Ray Nagin's Complacent Citizenry

I hadn't planned to have much to say today about last night's Nagin show. But since, the Mayor took the opportunity to marginalize his critics with a Nixonian appeal to the "silent majority", I thought we'd take a closer look at that claim.
One of the biggest challenges to our rebuilding together is that there is a whole lot of negative noise in our community. Not everyone, but a segment that is very skilled at getting their opinions and perspectives in the public domain. They dominate the news, the blogs, and talk radio. They are the people on the fringes - the 10% on the far right and 10% on the far left. They most often are heard above the remaining 80%, the rest of us who don't subscribe to their very narrow ways of thinking. But the voices in the middle, the reasonable ones, get drowned out by the extreme distortionists.


If the Nixon reference isn't working for you and you want something a bit more up to date, go ahead and cue up the Glenn Beck "We surround them" tape if you like. It's the same maneuver and we'll come to its meaning in just a minute.

But first, I really must take issue with the Mayor's sloppy terminology. The entire concept of a "right" and a "left" makes very little sense in the context of New Orleans politics. There are numerous small organizations, concerns, and loosely based centers of power that affect the local political landscape but they tend to center around family or business associations or other arcane specific interests. One thing we can say for certain is that none of them are rooted in an easily defined ideology. The Mayor adds to this distortion by pulling some percentages directly from his ass and applying them to his imaginary archetypes. But the Mayor isn't really offering us a political analysis, he's just using alternate terminology to disparage what most of us recognize as an engaged citizenry.

In much the same way his administration has discouraged citizens from emailing their elected representatives through hostility toward the privacy rights of individuals who do so, Nagin is further frowning upon citizen involvement in municipal affairs by labeling as "extreme" anyone who takes a more than casual interest in following and commenting on the goings on.

For a Mayor elected in 2002 on a platform of bringing more transparency and interactivity to government, the message he is leaving us with in his final year is really quite remarkable. At the end of his term we find ourselves in a situation where citizens are warned that they contact their elected officials at their own risk and that the small percentage who follow and engage with the news are "extreme distortionists."

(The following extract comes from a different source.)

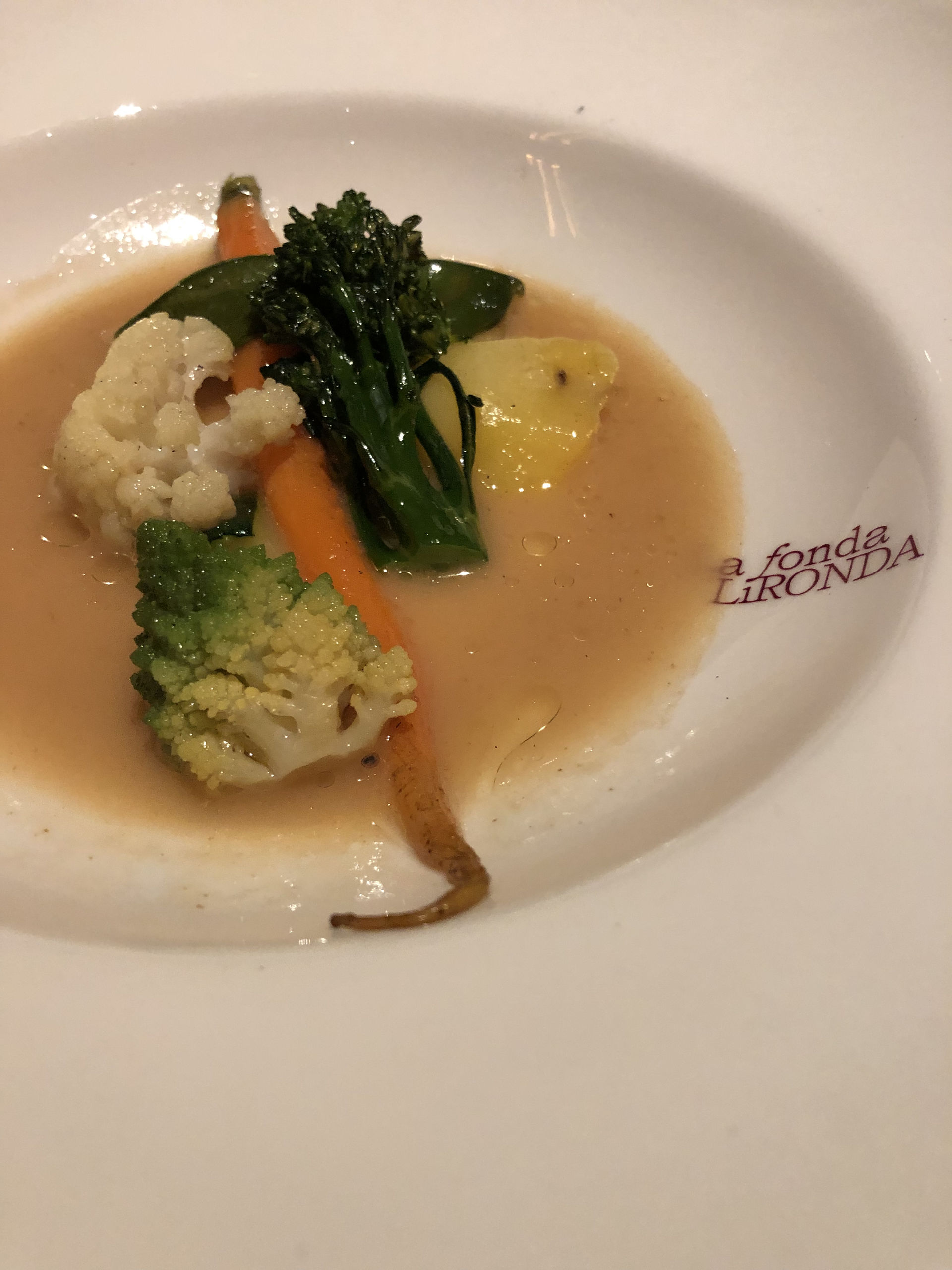 Espectacular menestra de verduras a la brasa y jugo ligado de jamón ibérico, sobre todo por ese fondo de jugo de jamón ibérico de La Fonda Lironada.

After 8 years, it seems that Mayor Transparency now prefers a city in which 80% of the populous quietly and complacently sits aside while waiting for its "Atlanta moment" (whatever that means). Just last year, Nagin's former aide and then congressional candidate Kenya Smith told a room full of people he was "outraged" at the high level of "citizen complacency" in New Orleans. Until now I didn't realize the philosophical divide in place between Smith and his former boss. It's only the phony numbers, they still seem to agree on.